Stephen R. Savage's Avatar
 
Join Date: Nov 2009
Posts: 327
According to Wikipedia, the oldest AMD64 CPU (Opteron, 130nm) supports SSE2. However, turbojet's Athlon II appears to support SSE3, so who knows...
Stephen R. Savage is offline   Reply With Quote
Old 10th March 2010, 18:32   #89  |  Link
JoshyD
Registered User
 
Join Date: Feb 2010
Posts: 84
@Stephen
You're quite correct, which is why I was confused. I don't think his processor agrees with loading the values of some of the arithmetic functions straight from memory. For now, I'm going to band-aid the code paths to use MMX if a non-compatible CPU turns up. I had totally forgotten that the Athlon64's only supported SSE2. I was happily thinking that many of the feature checking before function execution were going to go away because x64 processors generally have the latest and greatest when it comes to SIMD instructions. Looks like that's not the case. I've got an old Athlon64 I rarely use, so I guess I'll be turning it on to run test vectors before any future code gets loose.

It's weird because he can use the horizontal resize functions which make heavy usage of 128bit memory transfers to set up their workspaces. SSE2 doesn't have official listings for movdqa or movdqu instructions, but those are most certainly used when resizing YV12 or YUY2 horizontally.

The cache issue remains open, and I'm able to perfectly recreate it using any source. Looking intensively over a diff with the core Avisynth files hasn't turned up anything of interest yet. This test case seems to be the only one that really highlights the problem. Running other filters, internal and external, with and without a SetMTMode command doesn't give such a stark contrast in performance. I'm wondering a) why this filter combination is a showstopper and b) what script environment variables aren't set unless you allow a MT mode to be set. The largest difference I could find is:
Code:
if ((env->GetMTMode(false) > 0) && (env->GetMTMode(false) < 5)) {
            filter_graph = new CacheMT1(new Distributor(filter_graph, env), env);
          }
          else {
            filter_graph = Cache::Create_Cache(AVSValue(filter_graph), 0, env).AsClip();
          }
This occurs on script instantiation. I'll keep looking. On a sidenote, building and using the current 2.6 allows MT mode to be set, but the performance is abysmal. All non-MT functionality is perfect though.

@kemuri-_9
Thanks for the heads up on the x264 methodology of choosing instructions based on cacheline size. This makes me wonder if turbojet's CPU will return "true" when asked if it supports SSE3. If that's the case, then I'll have to add in code (yank it from the x264 cpuid functions) that checks for cache line size, and goes about its business appropriately.

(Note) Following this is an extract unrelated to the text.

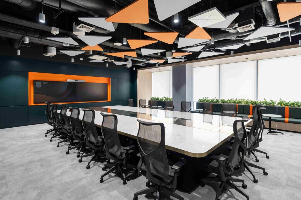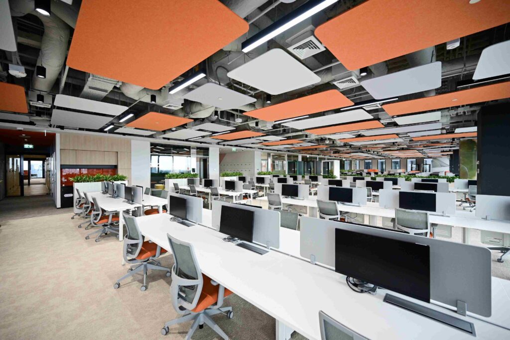 ในขณะที่การออกแบบภายในออฟฟิศคำนึงถึงสิ่งแวดล้อมและประสิทธิภาพการทำงาน โดยเลือกใช้กระจกบานกว้างเพื่อให้แสงธรรมชาติเข้ามา ลดการใช้ไฟฟ้า และติดตั้งผนังดูดซับเสียงเพื่อลดเสียงรบกวน สร้างบรรยากาศที่เหมาะสมต่อการทำงาน อุปกรณ์ทุกชิ้นในออฟฟิศจะเลือกผลิตภัณฑ์ที่เป็นวัสดุยั่งยืน มีข้อมูลด้านสิ่งแวดล้อม สนับสนุนการใช้ผลิตภัณฑ์และวัสดุที่ส่งผลกระทบต่อสิ่งแวดล้อมตั้งแต่เริ่มต้นกระบวนการผลิตน้อยที่สุด นอกจากนี้ ยังนำเทคโนโลยีล้ำสมัยมาใช้ เช่น ไมโครโฟน Gen AI ที่ปรับเสียงอัตโนมัติให้คมชัดทั้งการประชุมออนไลน์และออฟไลน์ พร้อมกล้องอัจฉริยะที่ติดตามผู้พูดได้อย่างแม่นยำ เพื่อยกระดับประสบการณ์การทำงานให้มีประสิทธิภาพสูงสุด

Looking at the 2.6 CVS, it dynamically assembles almost identical code to what I have written for the vertical resizers. It does so based upon a check for SSE3 and SSSE3. If it's the case that Athlon II's and their brethren say they have SSE3, but fail when executing these SSE ops, the main code branch may hit a similar snag.

@turbojet:
Would you mind running CPU-z and telling me what feature flags your CPU reports? If it says SSE3, then dang, more code to write.


EDIT:

Caching bug squashed. Turns out, EEDI2 identifies itself as never wanting a cache, so when your script asks for a frame generated by EEDI2, it goes all the way back and generates it again.
Code:
  if (h_policy == CACHE_NOTHING) { // don't want a cache. Typically filters that only ever seek forward.
    __asm mov rbx,rbx  // Hack! prevent compiler from trusting ebx contents across call
    return childGetFrame(n, env);
  }
That childGetFrame executes more times than needed when your AAA script is run. This is the cause of the huge slowdown. Can anyone think of an instance where we would universally never want to save the previously generated frames? Check the main page for an update, this also *tries* to address the problems with older processors, but I don't think it's all the way yet.

Last edited by JoshyD; 10th March 2010 at 20:34.
JoshyD is offline   Reply With Quote
Old 10th March 2010, 23:15   #90  |  Link
turbojet
Registered User
 
Join Date: May 2008
Posts: 1,840
It's an athlon II 620. CPU Instructions are: MMX(+) 3DNow(+) SSE(1,2,3,4A) x86-x64, AMD-V which I'm pretty sure is identical to Phenom II. At least linux /proc/sys/cpu has identical flags.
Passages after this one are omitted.